DIRECTIONS FOR THIS TASK: Both the line with "Issue d’un concours" and the line with "جامعة الحدود الشمالية" in the records below must appear in the output, along with every line between them, exactly and with nothing added.

RECORDS TO PROCESS:
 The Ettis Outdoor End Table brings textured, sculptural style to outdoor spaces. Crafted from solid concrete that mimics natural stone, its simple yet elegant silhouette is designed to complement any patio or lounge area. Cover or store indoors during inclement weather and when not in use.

--

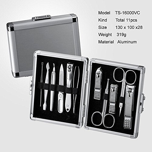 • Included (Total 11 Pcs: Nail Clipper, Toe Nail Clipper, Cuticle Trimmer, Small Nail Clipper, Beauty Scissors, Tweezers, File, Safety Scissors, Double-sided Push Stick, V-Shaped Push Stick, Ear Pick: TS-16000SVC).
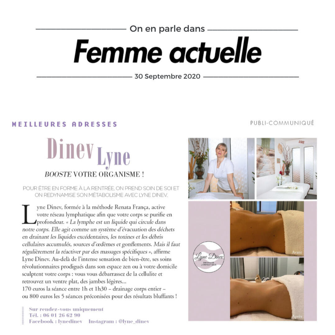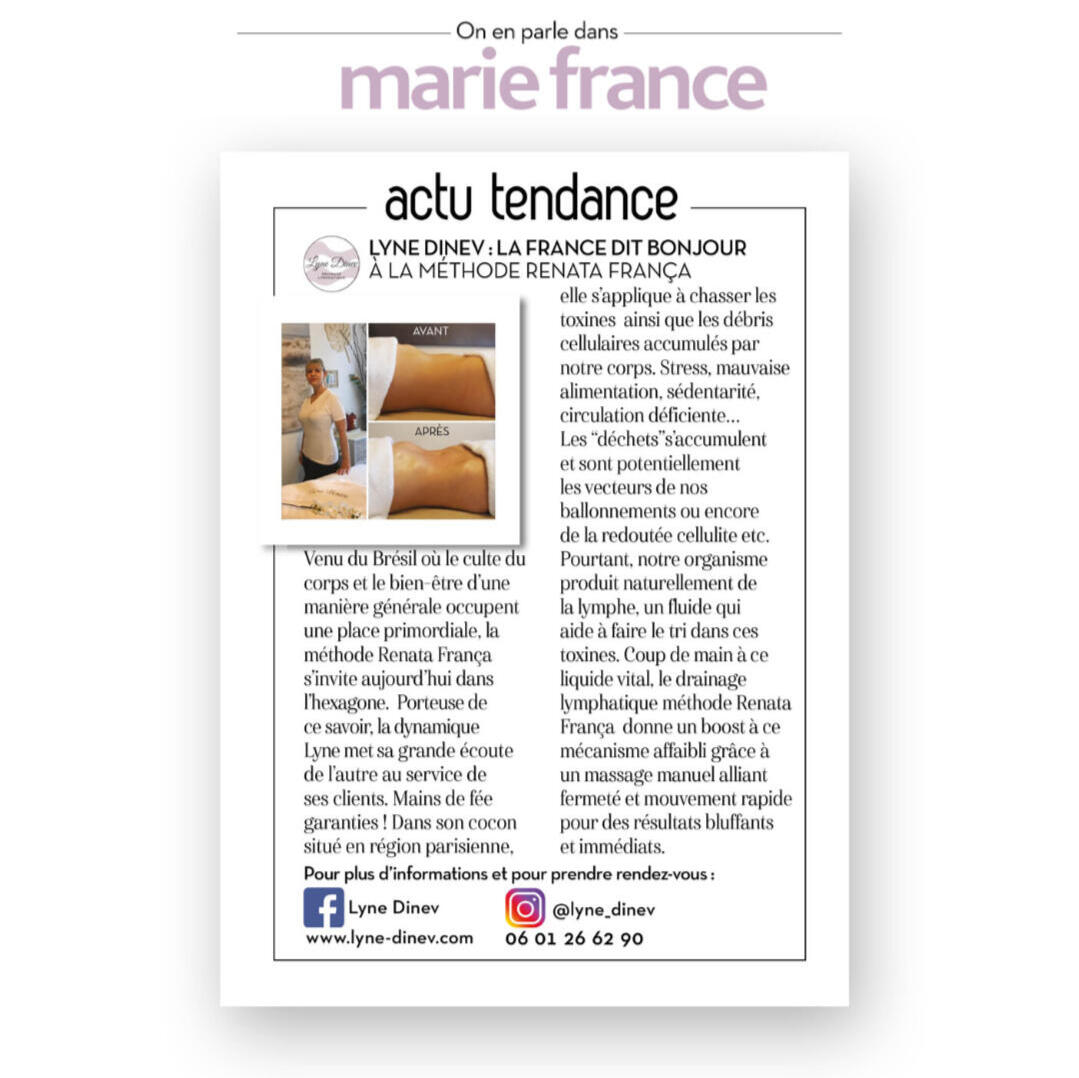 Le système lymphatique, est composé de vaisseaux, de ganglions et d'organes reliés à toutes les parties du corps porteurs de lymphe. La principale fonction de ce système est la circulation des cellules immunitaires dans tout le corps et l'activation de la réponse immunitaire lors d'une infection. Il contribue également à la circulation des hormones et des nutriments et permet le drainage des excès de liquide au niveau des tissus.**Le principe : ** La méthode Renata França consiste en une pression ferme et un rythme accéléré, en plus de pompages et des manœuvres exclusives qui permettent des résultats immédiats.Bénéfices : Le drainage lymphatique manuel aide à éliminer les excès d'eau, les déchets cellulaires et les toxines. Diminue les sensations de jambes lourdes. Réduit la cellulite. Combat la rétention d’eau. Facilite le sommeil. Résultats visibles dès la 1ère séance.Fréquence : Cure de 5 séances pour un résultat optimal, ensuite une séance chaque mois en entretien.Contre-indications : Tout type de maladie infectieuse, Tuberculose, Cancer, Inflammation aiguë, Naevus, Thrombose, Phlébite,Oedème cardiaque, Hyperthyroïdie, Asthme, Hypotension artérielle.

==

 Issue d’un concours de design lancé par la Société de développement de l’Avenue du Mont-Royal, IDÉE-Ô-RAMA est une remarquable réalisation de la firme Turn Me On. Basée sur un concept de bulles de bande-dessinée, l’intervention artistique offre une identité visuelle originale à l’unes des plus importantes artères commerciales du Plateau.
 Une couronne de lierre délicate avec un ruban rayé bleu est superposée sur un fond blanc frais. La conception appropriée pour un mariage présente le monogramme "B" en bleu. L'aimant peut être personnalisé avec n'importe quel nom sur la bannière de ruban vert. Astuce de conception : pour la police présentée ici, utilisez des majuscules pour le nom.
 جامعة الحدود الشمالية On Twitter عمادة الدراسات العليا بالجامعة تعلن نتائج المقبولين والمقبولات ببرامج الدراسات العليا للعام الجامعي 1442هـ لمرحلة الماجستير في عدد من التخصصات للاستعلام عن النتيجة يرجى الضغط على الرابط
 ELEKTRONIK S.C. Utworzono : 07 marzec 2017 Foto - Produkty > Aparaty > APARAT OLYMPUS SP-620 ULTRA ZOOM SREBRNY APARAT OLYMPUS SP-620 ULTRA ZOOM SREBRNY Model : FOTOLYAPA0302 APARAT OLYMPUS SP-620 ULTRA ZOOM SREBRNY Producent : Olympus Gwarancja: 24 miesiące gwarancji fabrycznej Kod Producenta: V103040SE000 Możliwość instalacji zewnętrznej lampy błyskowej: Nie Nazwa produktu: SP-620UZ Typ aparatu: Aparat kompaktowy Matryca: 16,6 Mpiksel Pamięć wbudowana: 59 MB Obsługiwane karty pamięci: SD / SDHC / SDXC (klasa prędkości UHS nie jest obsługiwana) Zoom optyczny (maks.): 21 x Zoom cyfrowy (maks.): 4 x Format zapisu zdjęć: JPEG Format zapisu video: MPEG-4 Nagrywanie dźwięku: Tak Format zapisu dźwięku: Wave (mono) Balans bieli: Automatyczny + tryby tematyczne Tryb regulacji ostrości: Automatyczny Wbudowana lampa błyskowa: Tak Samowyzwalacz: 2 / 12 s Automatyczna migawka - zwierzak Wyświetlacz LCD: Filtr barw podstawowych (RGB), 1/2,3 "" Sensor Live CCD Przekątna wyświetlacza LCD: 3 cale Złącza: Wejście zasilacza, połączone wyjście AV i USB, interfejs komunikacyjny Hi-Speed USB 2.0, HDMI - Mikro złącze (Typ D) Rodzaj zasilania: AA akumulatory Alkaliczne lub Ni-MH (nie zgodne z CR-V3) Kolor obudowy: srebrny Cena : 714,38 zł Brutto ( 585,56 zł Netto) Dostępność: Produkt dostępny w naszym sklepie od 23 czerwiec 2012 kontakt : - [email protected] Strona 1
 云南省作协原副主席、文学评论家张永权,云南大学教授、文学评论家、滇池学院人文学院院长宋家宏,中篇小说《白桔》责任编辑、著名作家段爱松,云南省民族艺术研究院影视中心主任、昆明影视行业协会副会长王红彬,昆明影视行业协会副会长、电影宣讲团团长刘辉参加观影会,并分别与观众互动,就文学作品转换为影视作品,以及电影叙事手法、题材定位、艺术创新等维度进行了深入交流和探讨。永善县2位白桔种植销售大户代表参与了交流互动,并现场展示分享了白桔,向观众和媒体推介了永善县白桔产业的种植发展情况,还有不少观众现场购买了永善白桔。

YOUR SOLUTION:
 Issue d’un concours de design lancé par la Société de développement de l’Avenue du Mont-Royal, IDÉE-Ô-RAMA est une remarquable réalisation de la firme Turn Me On. Basée sur un concept de bulles de bande-dessinée, l’intervention artistique offre une identité visuelle originale à l’unes des plus importantes artères commerciales du Plateau.
 Une couronne de lierre délicate avec un ruban rayé bleu est superposée sur un fond blanc frais. La conception appropriée pour un mariage présente le monogramme "B" en bleu. L'aimant peut être personnalisé avec n'importe quel nom sur la bannière de ruban vert. Astuce de conception : pour la police présentée ici, utilisez des majuscules pour le nom.
 جامعة الحدود الشمالية On Twitter عمادة الدراسات العليا بالجامعة تعلن نتائج المقبولين والمقبولات ببرامج الدراسات العليا للعام الجامعي 1442هـ لمرحلة الماجستير في عدد من التخصصات للاستعلام عن النتيجة يرجى الضغط على الرابط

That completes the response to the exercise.